## Exercise instructions
Below are records. Transcribe exactly the lines from the one that contains "沙特馆文化元素满满:沙特咖啡" through the last line, leaving any pictures out.

--

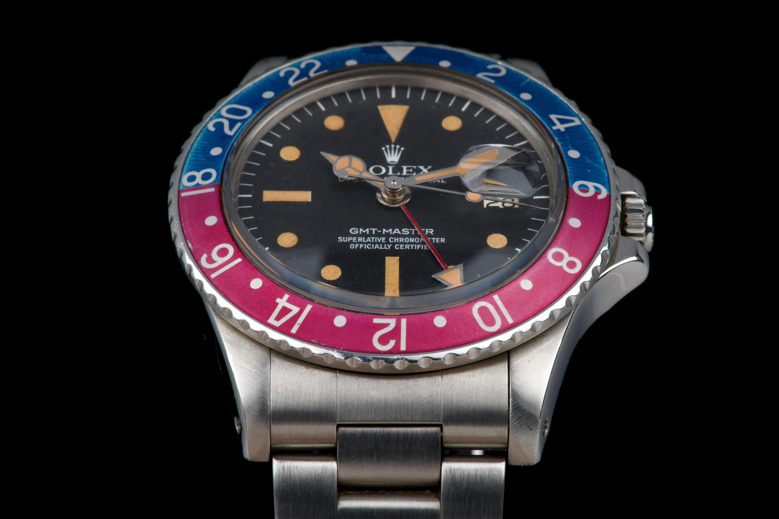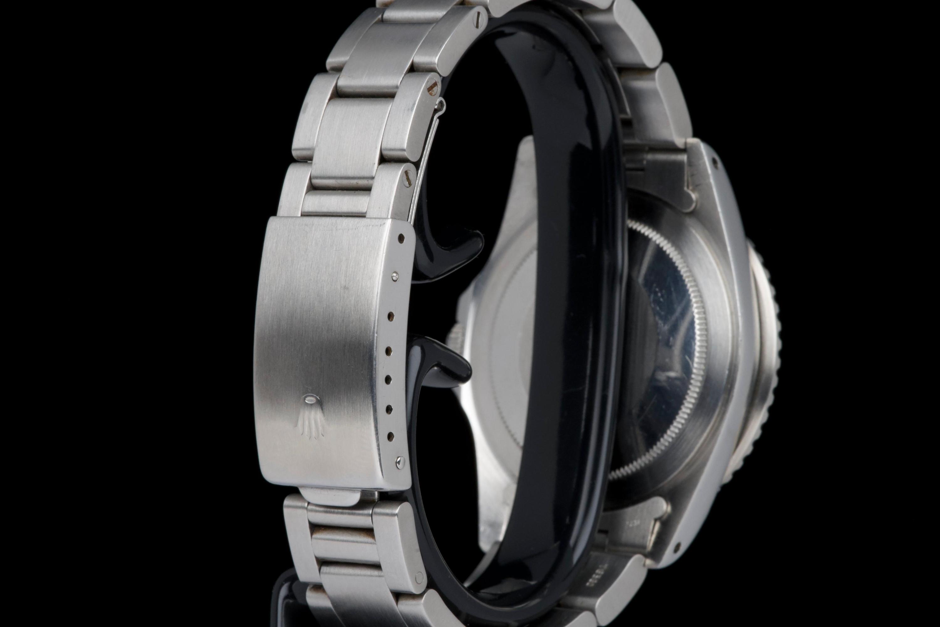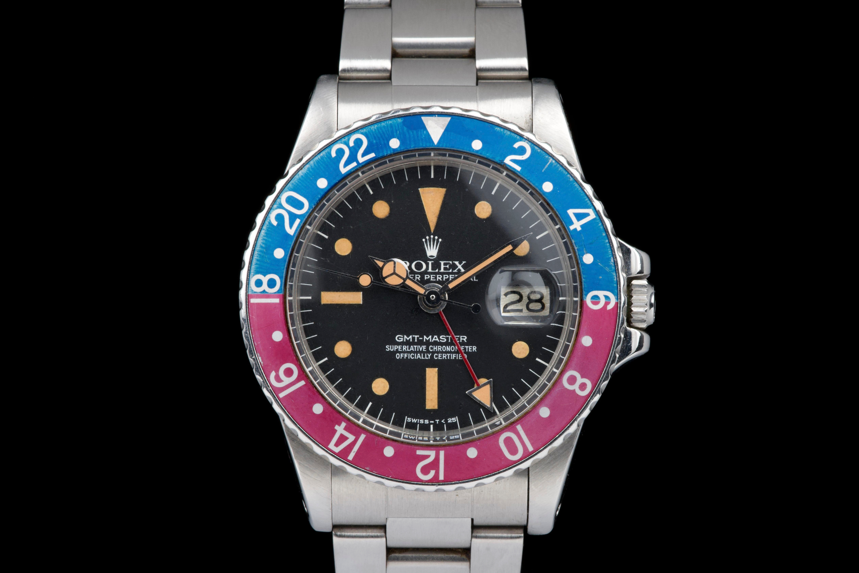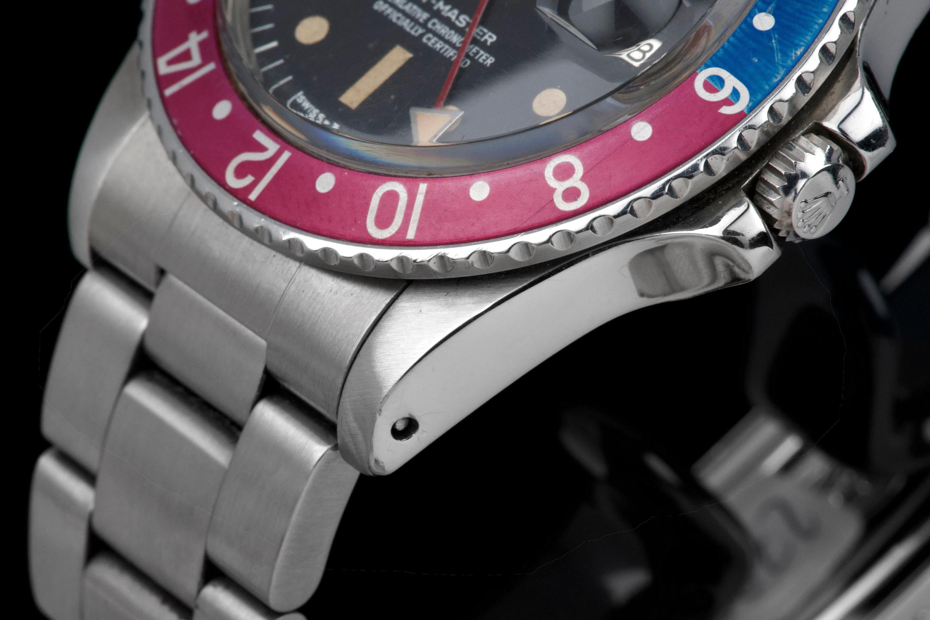 Presented here is a well-preserved and highly appealing example of the Rolex GMT-Master reference 1675, featuring the sought-after “Pepsi” bezel and dating to 1978, with a serial number in the 5.747.xxx range. The case has been polished in the past and today shows light wear consistent with use, while retaining well-defined proportions and crisp, clearly legible reference and serial numbers between the lugs. The caseback is correctly stamped 1675. The watch is distinguished by its rare MK3 radial dial, displaying an attractive “pumpkin” patina across the tritium hour markers and perfectly matching hands. The dial surface shows minor surface spotting, a characteristic commonly observed on radial dials from this period and appreciated by collectors as an authentic sign of age. The original Pepsi bezel insert presents with gentle fading, the red portion having shifted subtly toward a fuchsia tone, adding further vintage character. The watch is fitted with a slightly later Oyster bracelet, reference 78360 with correct 580 end links, showing only very light stretch. With no recorded service history, the movement is nonetheless in perfect working condition. A correct and characterful example of the classic GMT-Master 1675, combining a rare dial configuration, honest wear, and strong overall presentation, appealing to collectors of vintage Rolex sports models.
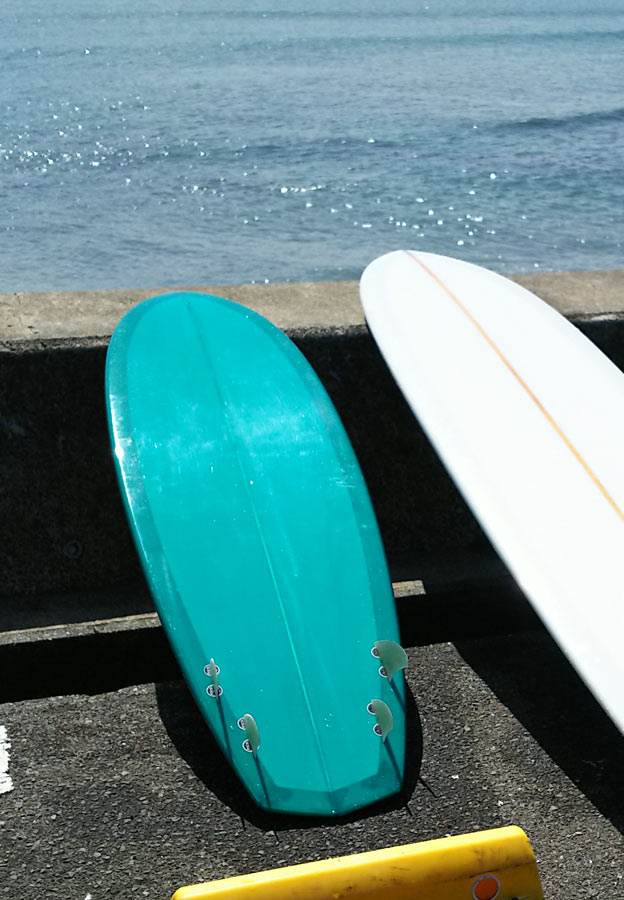 カツさんに、70年代にご自分で乗っていて調子良かったシングルフィンを思い出して作ってくださいというオーダーで作っていただいたボード。思い出すとオンショア風波でも台風の波でも楽しめたボードでした。
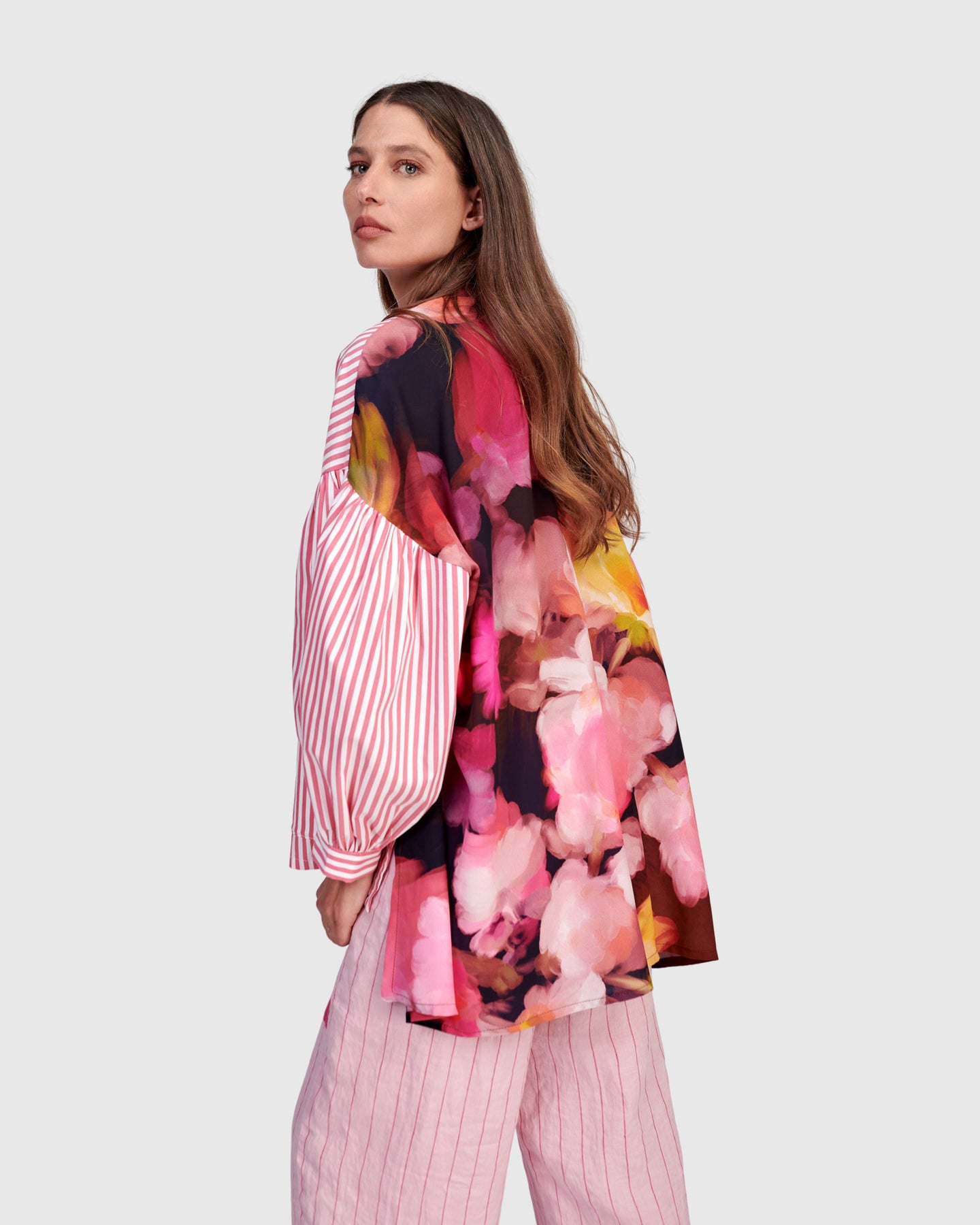 This oversized button-down shirt contrasts a crisp poplin front with a fluid floral back for subtle dimension. The boxy silhouette and drop shoulders create relaxed volume, balanced by puff sleeves with button cuffs. A collarless neckline keeps the shape clean and modern. An elevated printed blouse that pairs easily with wide leg or straight pants.
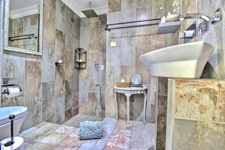 Bathroom configurations: • Rustic Wonder – shower only • French Flair – sunken shower • Tree of Life – open rain shower & sunken corner bath • Shalom Leez – open rain shower & corner bath • Time and Again – open rain shower & corner bath
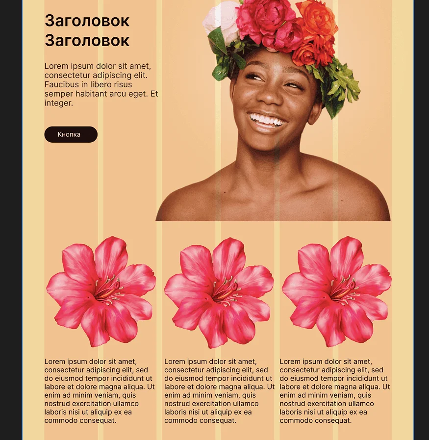 Выберите читаемый шрифт. Лучше — гротески без лишних декоративных элементов. Для основного текста подойдут бесплатные простые шрифты из Google Fonts — например, Inter или Roboto. Для заголовка иногда можно использовать вторую гарнитуру в качестве шрифтовой пары. Скажем, с засечками, но тоже читабельную. Больше двух разных шрифтовых семейств брать не стоит.
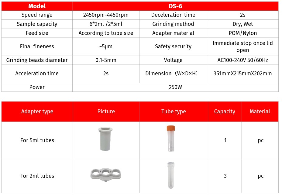 DS-6 sample Homogenizer is a small size lab instrument, suit for various of samples grinding. Touch screen display, easy to operate: High speed, bringas high efficiency. Commonly used for sample pretreatments in industries of biology, chemistry, pharmacology, minerals, medicine, etc.
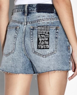 The Rise N Hi Shorts Haven Repair from Ksubi are a high-waisted cut-off short constructed from premium rigid denim in mid-blue washed indigo colourway. This style features a raw hem, five pockets, a zip fly, side splits, and classic Ksubi branding.
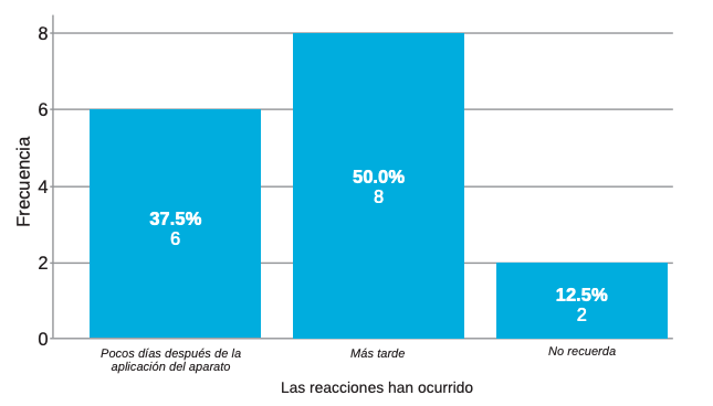En cuanto al plazo/tiempo en que aparecieron estas reacciones adversas (Figura 3), en el 50% de los casos se presentaron cuando ya llevaba un cierto tiempo con el dispositivo intraoral. En un 37,5% de los casos aparecieron las reacciones adversas a los pocos días del contacto con el aparato.
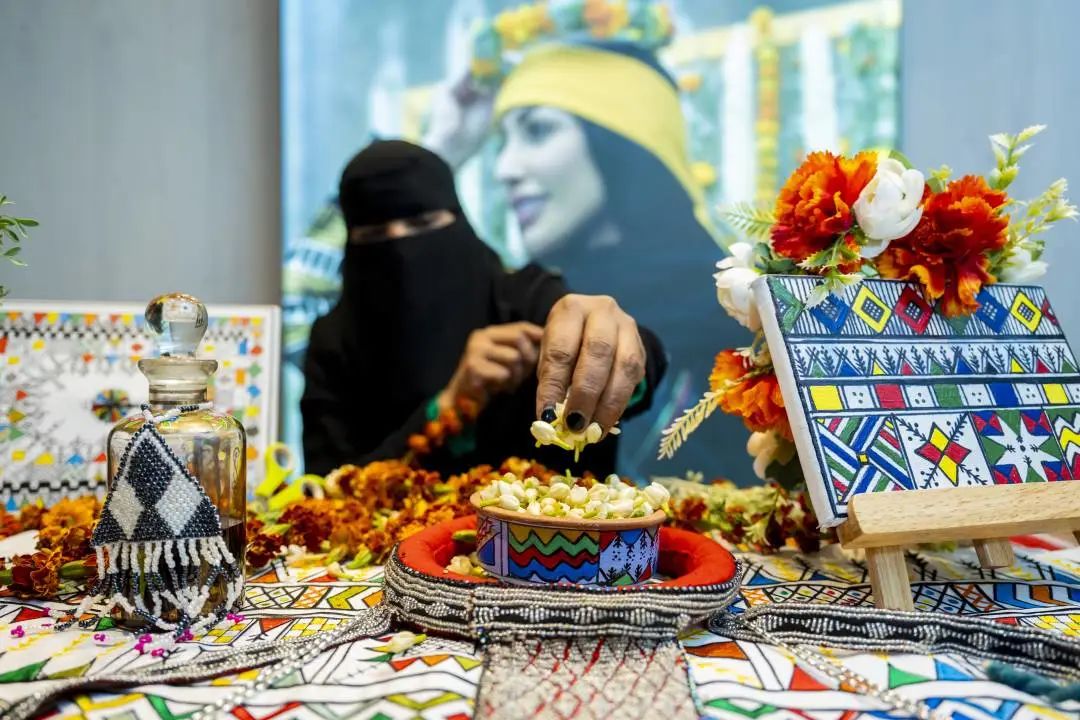 沙特馆文化元素满满:沙特咖啡、美食和鼓点奏乐,编织棕榈叶篮子,花娘用阿西尔地区(Asir)的鲜花编织花冠,“Bisht”制作人缝制传统斗篷,书法艺人用隽秀飘逸的阿拉伯文字撰写客人名。
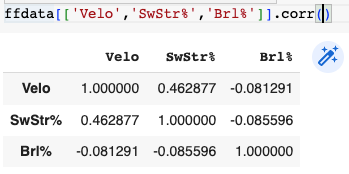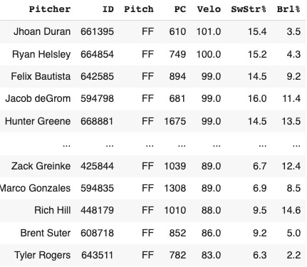 ffdata.columns=['Pitcher','ID','Pitch','PC','Velo','SwStr%','Brl%']
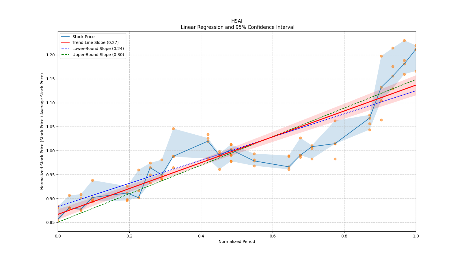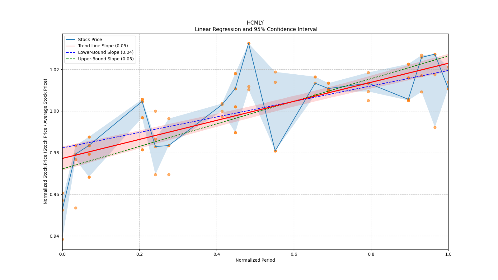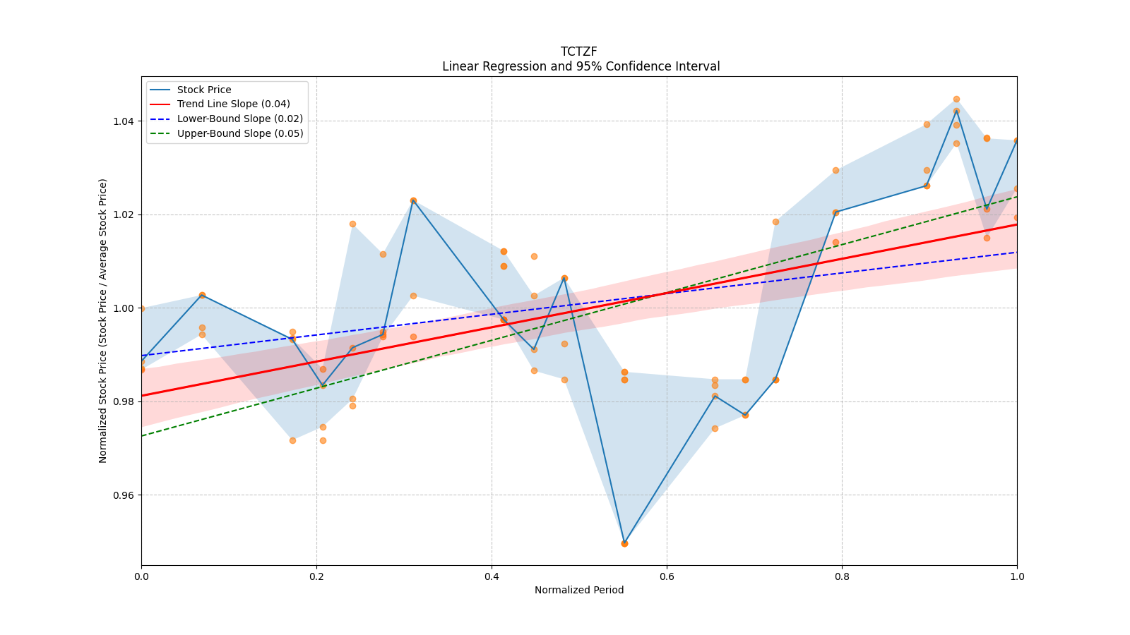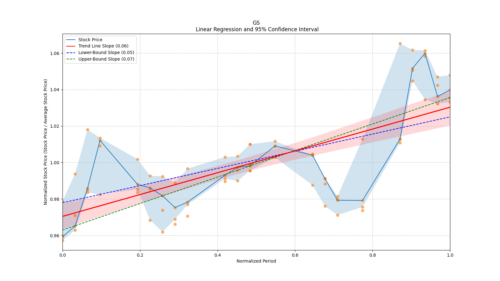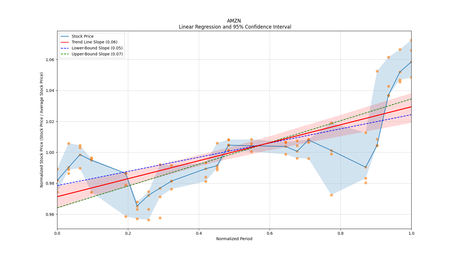 Stocks were filtered to have a high investor grade, analyzed using linear regression, and sorted by the lower-bound trendline slope. The lower-bound trendline slope has been normalized by the average stock price and calculated using a 95% confidence interval. This statistic provides a conservative estimate of stock price percentage growth, taking into account both the trends and volatility of the stock price over the past month. With these details, you can easily compare stocks by their historical performance.
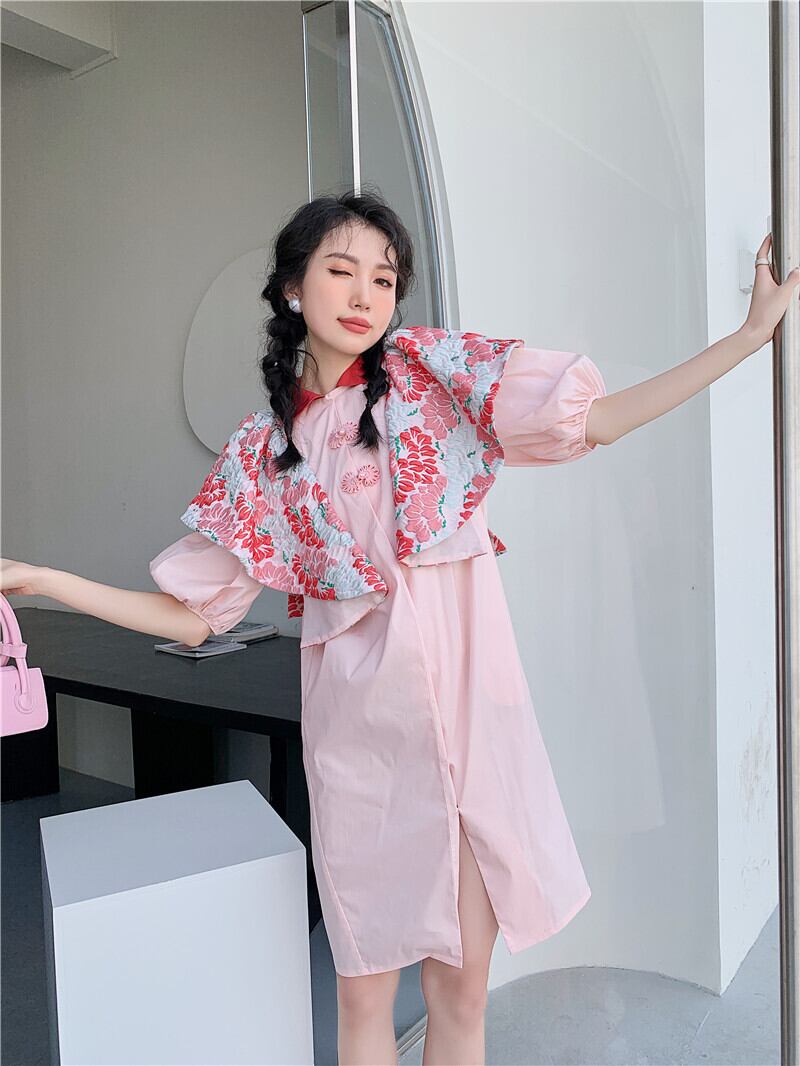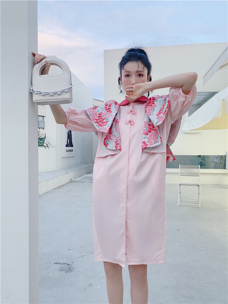 BIGフラワーカラー シャツワンピース ピンク ワンピース ドレス シャツ 膝丈 レディース オフィス デート. 可愛い パフスリーブ C86

--

## Answer space
 沙特馆文化元素满满:沙特咖啡、美食和鼓点奏乐,编织棕榈叶篮子,花娘用阿西尔地区(Asir)的鲜花编织花冠,“Bisht”制作人缝制传统斗篷,书法艺人用隽秀飘逸的阿拉伯文字撰写客人名。
 ffdata.columns=['Pitcher','ID','Pitch','PC','Velo','SwStr%','Brl%']
 Stocks were filtered to have a high investor grade, analyzed using linear regression, and sorted by the lower-bound trendline slope. The lower-bound trendline slope has been normalized by the average stock price and calculated using a 95% confidence interval. This statistic provides a conservative estimate of stock price percentage growth, taking into account both the trends and volatility of the stock price over the past month. With these details, you can easily compare stocks by their historical performance.
 BIGフラワーカラー シャツワンピース ピンク ワンピース ドレス シャツ 膝丈 レディース オフィス デート. 可愛い パフスリーブ C86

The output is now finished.